Imagining a Just World
“Director’s Notes” are excerpts from our monthly email newsletter, “Stories from the Garden.” Subscribe and see past issues here.
On the anniversary of W.S. Merwin’s death in March, when we were new to navigating the uncertainty and isolation of the pandemic, I wrote of ‘coming to understand our current moment as an invitation’ to stillness, and wonder. Today, a few months and another world later, I see this time not as an invitation but rather as a call to action. The murders of George Floyd and many Black, Indigenous, and People of Color in this country demand that individuals, communities, and organizations face histories, seek out blind spots, dismantle and rebuild the structures that let some in, and keep others out.

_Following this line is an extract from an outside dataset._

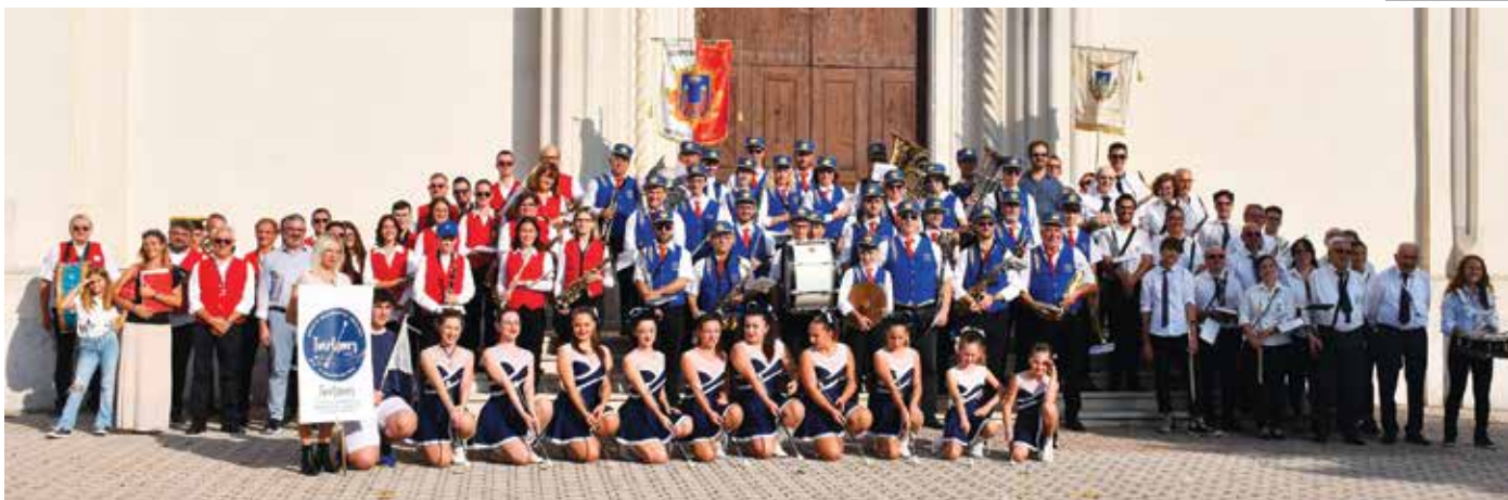
1ª Rassegna Bandistica Campigliese

A call to action is sometimes a call not to act, but to sit in uncertainty and listen. Early in the year, as we assumed stewardship of this place and began to envision its future, we launched a formal process of listening—to those who knew William and Paula well, and those who had never encountered them or visited their garden; to those who helped start the Conservancy, and those to whom its commitments are unknown, unclear, misguided, or irrelevant. Plans were of course delayed, and have since shifted course; our first convenings have happened via ZOOM rather than along the garden paths and around Paula Merwin’s table. Yet our reach has expanded, and our resolve has deepened. We will bring a wide range of voices to the questions that will shape our future programs: What does it mean to hold in common what was once a private home and garden? How will we provide access to an extraordinary place in ways that steward people and place, ensure equity, and enrich our shared creative, cultural, and civic life?
Even as The Merwin Conservancy seeks its own footing, we will hold in mind the integrity and conviction of W.S. Merwin. I think of his decision, in 1971, to direct the public attention from his first Pulitzer Prize “toward what seems to me most important in my present relation to the public of the country in which I was born.” And I think of his palms, which were planted as acts of resistance, and thrive as such today. He did it not for the fruit, but because we must employ our capacity to imagine and enact a just world.